Data items:
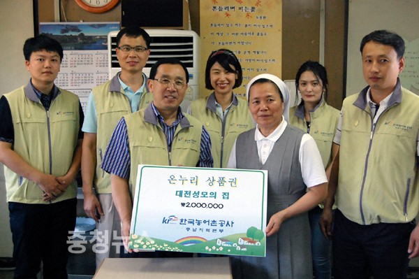 한국농어촌공사 충남지역본부(본부장 김태웅)는 1일 대전 동구 삼성동 소재 성모의 집을 방문해 불우한 이웃을 위한 '사랑의 점심 나누기' 무료급식 봉사활동을 펼쳤다.
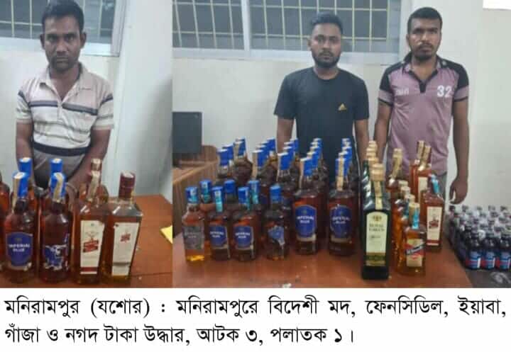 গোপন সংবাদের ভিত্তিতে কেশবপুর ও মনিরামপুর উপজেলায় কুখ্যাত মাদক ব্যবসায়ী আবু রায়হান (৩২) এর বাড়িতে অভিযান চালিয়ে ৯ বোতল বিদেশি মদ উদ্ধারের দাবি করেন গোয়েন্দারা। তার স্বীকারোক্তিতে অভিযান চালানো হয় সাগর গাজী (২৮) ও রাজু বৈরাগী (২৫) এর বাড়িতে। সেখানে আরও ৪৬ বোতল বিদেশি মদ ও ৩০ বোতল ফেনসিডিলসহ তাদের আটক করা হয়।
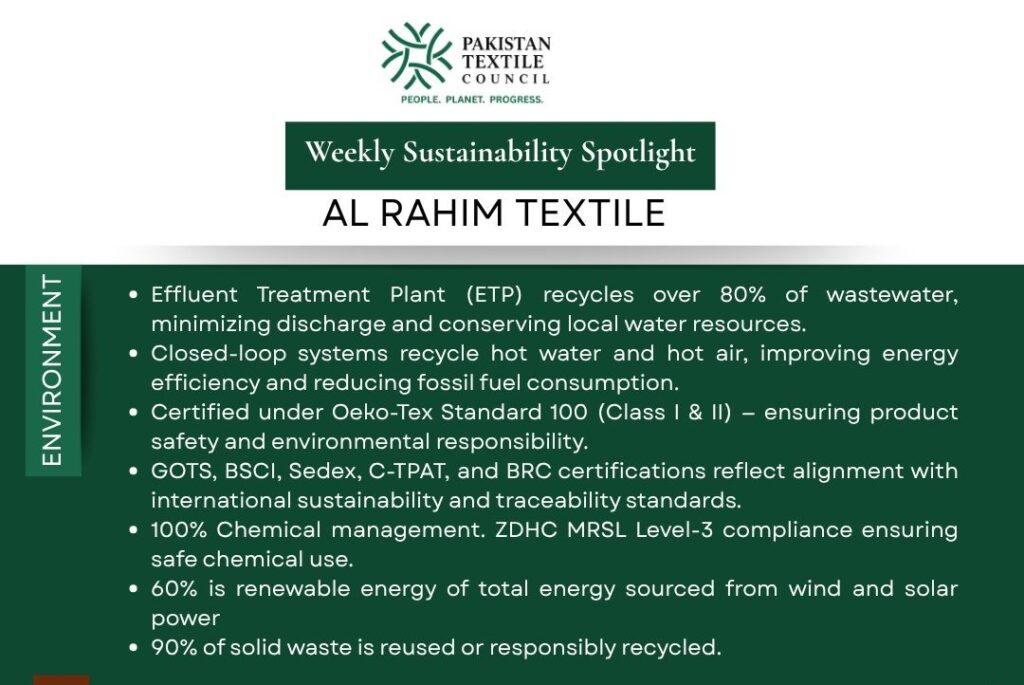 Al Rahim Textile continues to demonstrate how sustainability and responsibility can converge to power Pakistan’s textile transformation.
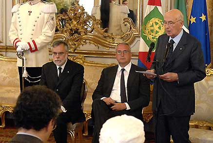 Il Presidente Giorgio Napolitano durante l'incontro con i partecipanti al Convegno Internazionale "Africa for life -against death penalty". Nella foto con Vittorio Craxi Sottosegretario agli Affari Esteri e Andrea Riccardi Fondatore della Comunità di Sant'Egidio
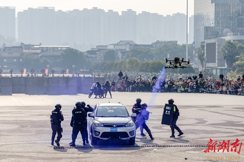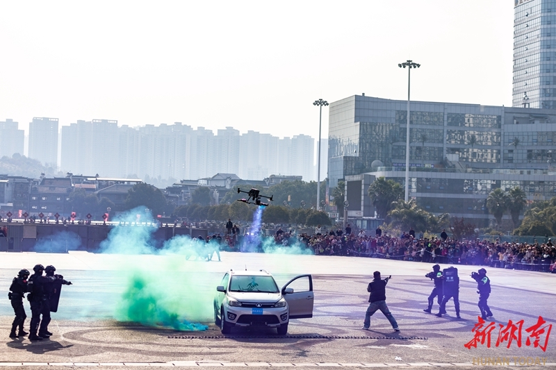1月10日,吉首市“ 警彩吉首·平安共建”警营开放日暨岁末年初集中宣防活动现场,特警向市民演示警务技能。当天,各地举办形式多样的活动,庆祝第六个中国人民警察节。彭璟 摄(湖南图片库)
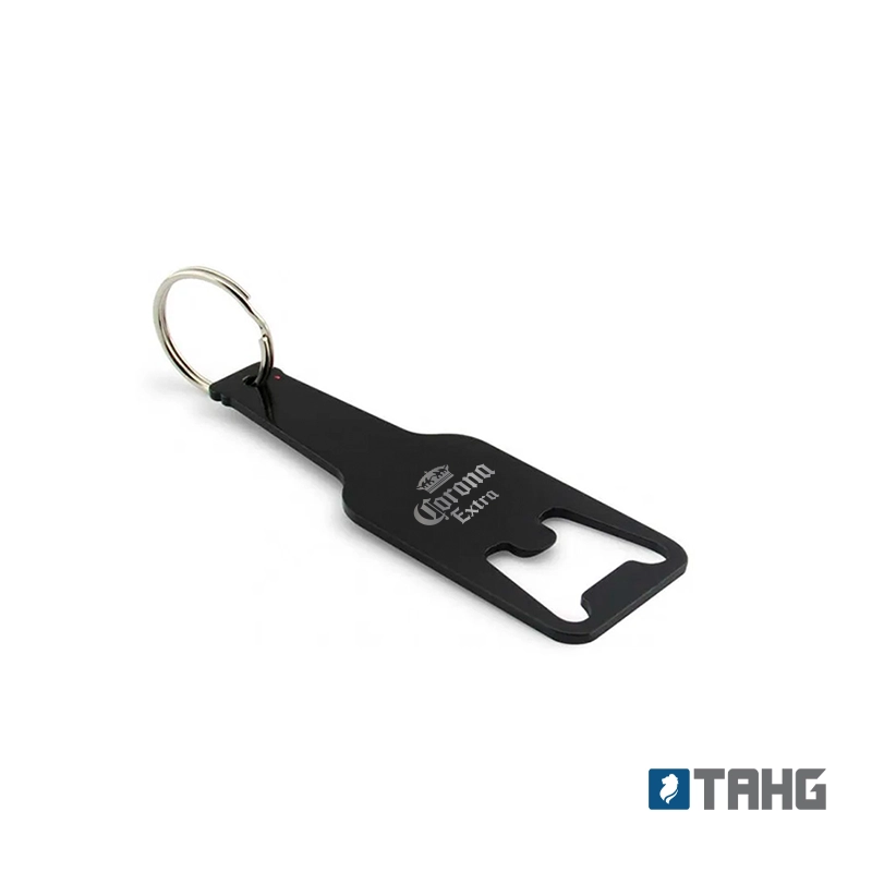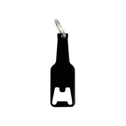 Destapador metálico compacto y resistente. Fabricado en acero inoxidable 420, ofrece una alta durabilidad y resistencia al desgaste. Cuenta con un diseño ergonómico, acabado en color negro y aro metálico tipo llavero que facilita su transporte. Es ideal para abrir botellas con tapa corona en reuniones, eventos o para llevar siempre a mano en el llavero.

#### Your goal:
Output the lines of the data exactly, starting at the first and ending with the line that has "Al Rahim Textile". Pictures are not part of it.

#### Answer box:
 한국농어촌공사 충남지역본부(본부장 김태웅)는 1일 대전 동구 삼성동 소재 성모의 집을 방문해 불우한 이웃을 위한 '사랑의 점심 나누기' 무료급식 봉사활동을 펼쳤다.
 গোপন সংবাদের ভিত্তিতে কেশবপুর ও মনিরামপুর উপজেলায় কুখ্যাত মাদক ব্যবসায়ী আবু রায়হান (৩২) এর বাড়িতে অভিযান চালিয়ে ৯ বোতল বিদেশি মদ উদ্ধারের দাবি করেন গোয়েন্দারা। তার স্বীকারোক্তিতে অভিযান চালানো হয় সাগর গাজী (২৮) ও রাজু বৈরাগী (২৫) এর বাড়িতে। সেখানে আরও ৪৬ বোতল বিদেশি মদ ও ৩০ বোতল ফেনসিডিলসহ তাদের আটক করা হয়।
 Al Rahim Textile continues to demonstrate how sustainability and responsibility can converge to power Pakistan’s textile transformation.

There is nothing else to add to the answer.